I backed out the change in SVN, r3856. I should describe how things are supposed to work: Beagle uses GMime for mail parsing, which is written in C. It uses objects and uses reference counting for memory management. When we create a GMime.StreamFS and pass in the file descriptor, we're passing ownership of that file descriptor to the stream. We no longer have ownership of that fd, so we can't close it. That's why the patch isn't right, and it can have serious side effects. The created GMime.StreamFS has a ref count of 1. When we create a GMime.Parser and pass in the GMime.StreamFS, the parser has a ref count of 1, and the stream's count is increased to 2. When we construct a GMime.Message from the parser, the message gets a ref count of 1, and the parser's count is increased to 2. So if you're keeping score at home, GMime.StreamFS has 2, GMime.Parser has 2, GMime.Message has 1. Calling Dispose() on the stream decreases its ref count to 1, and calling it on the parser decreases its ref count to 1. This is where the indexing process takes place. When it's finished, DoClose() is supposed to be called. That disposes of the GMime.Message, which decreases its ref count to 0. That causes a chain reaction. When GMime.Message's refcount reaches 0, it releases its reference on GMime.Parser which drops to 0, which releases its reference on GMime.StreamFS. When GMime.StreamFS's refcount reaches 0, it closes the file descriptor. So, if file descriptors are being leaked, there's also a very good chance that tons and tons of memory is being leaked as well. By closing the file descriptor early like that, you're probably not actually getting any mail data in the index or possibly worse: random data. Likewise, if the close process actually was working you would be closing a random file (since file descriptors are reused)... you could be closing an important index file. The patch in essence treats the symptom but not the disease. It'd be like giving aspirin to someone with encephalitis... It might make their headache go away, but they're still going to die from a swollen brain. :) I didn't notice originally that you were talking about beagle-build-index; my guess is that it simply isn't doing the Close() process correctly. I'll see if I can duplicate the issue locally.

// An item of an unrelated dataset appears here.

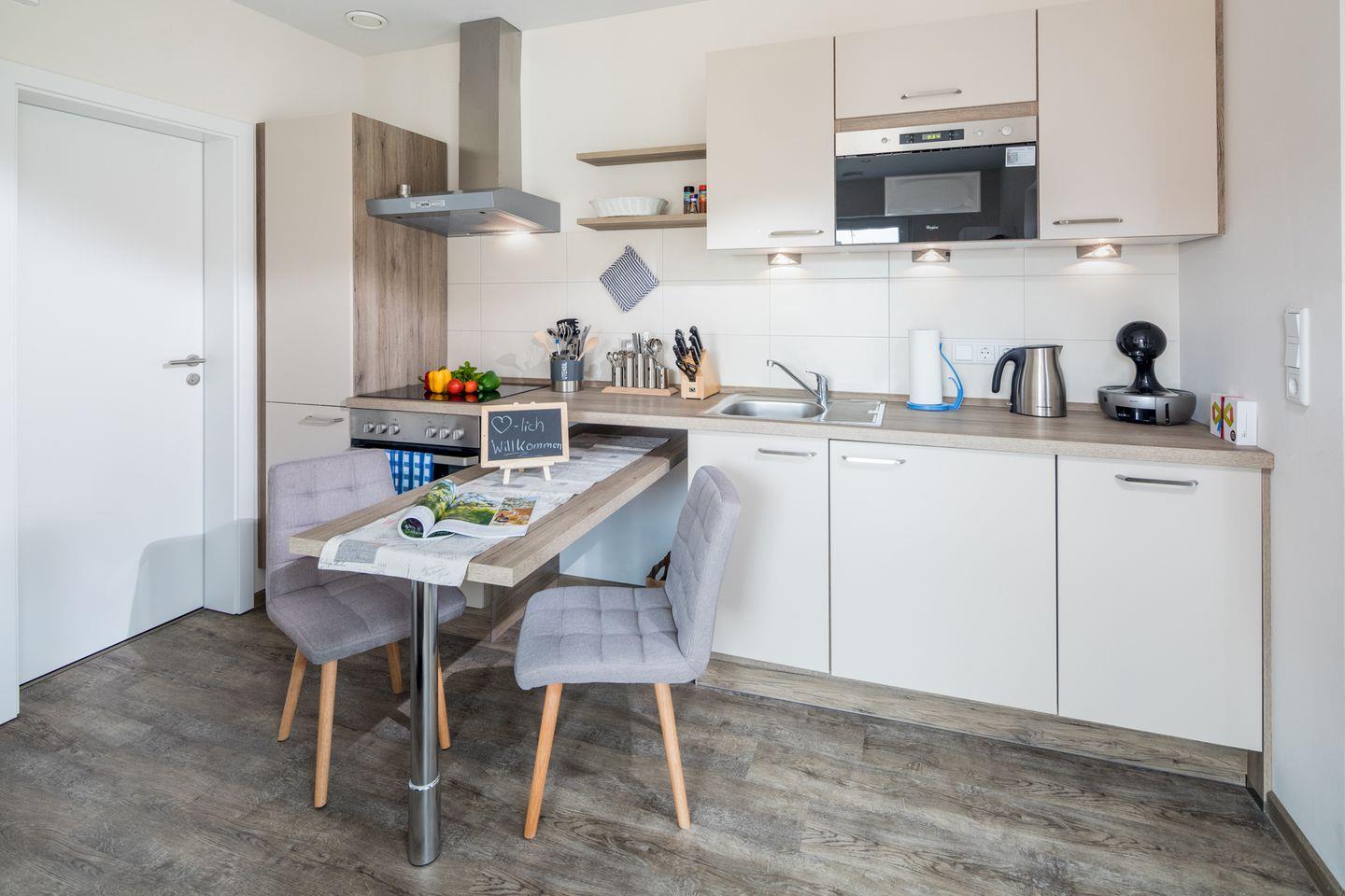 Die gut ausgestattete Küche lässt keine Wünsche offen. Dank des Backofens, der Spülmaschine, der Kaffeemaschine und des Kühlschranks mit Gefrierfach können Sie sich ganz einfach Ihre Lieblingsgerichte zaubern. Für die kleinen Gäste stehen ein Babybett und ein Hochstuhl zur Verfügung, weshalb sich die Wohnung hervorragend für Familien eignet.

Putting a console.readline before extract-content returns, and adding print statements in DoClose(), it looks like - DoClose() is called - message.dispose() is called - lsof shows the file descriptor is not closed Something wrong in gmime.

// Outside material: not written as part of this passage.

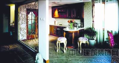由于廚房門前的空間較小,如果使用墻體或其他厚重材質(zhì)將其與門廳分隔,難免會(huì)使此空間顯得太壓抑,因此使用了金色鏤空鐵藝作為隔斷。和屋內(nèi)實(shí)木整體厚重的感覺相比,鐵藝產(chǎn)品借鑒歐洲古羅馬時(shí)期純樸、質(zhì)感的加工工藝,與現(xiàn)代精湛的鍛造手段相結(jié)合,制造出具有歐洲古典風(fēng)格且蘊(yùn)涵現(xiàn)代氣息的隔斷,既有效地區(qū)分了功能區(qū),又充滿輕盈通透的美感,而且鐵藝的質(zhì)感、線條、造型與居室整體的歐式風(fēng)格也非常協(xié)調(diào),并且使廚房門前的狹小空間也得到了充分利用,成為一個(gè)西式餐區(qū)。

Forgot to add, this is even for a valid email file.
I see this too, although this might be a red herring: it's possible the GC or something didn't run and close the file. I regularly run Beagle over several thousand emails without incident, so I think it's probably more than just something wrong with gmime.
Looks like GLib.Object.Dispose() queues up object unrefs using GLib.Timeout, which means that if a main loop isn't running they'll never get triggered. This seems to be the issue.
This appears to have been fixed in gtk-sharp svn for some time, but I don't think there is a release which incorporates it.
When I am indexing my files with beagled using the "--backend Files --indexing-test-mode" option, it is doing the same thing for me but now it succeeds.
Yeah, beagled uses a main loop, so the objects are getting disposed of properly. dBera mentioned that the file was staying open with beagle-extract-content. There was a small inefficiency in GMime that would keep the file open longer than needed, and I just checked in a fix for that, but that's not the crux of the issue for you. We'll probably need to add some GLib main loop action to beagle-build-index. I think we can just do that in a separate thread. I need to play around with that some more.
I was able to duplicate the problem, and I've checked in a fix (a workaround, really) to both beagle-build-index and beagle-extract-content. r3857.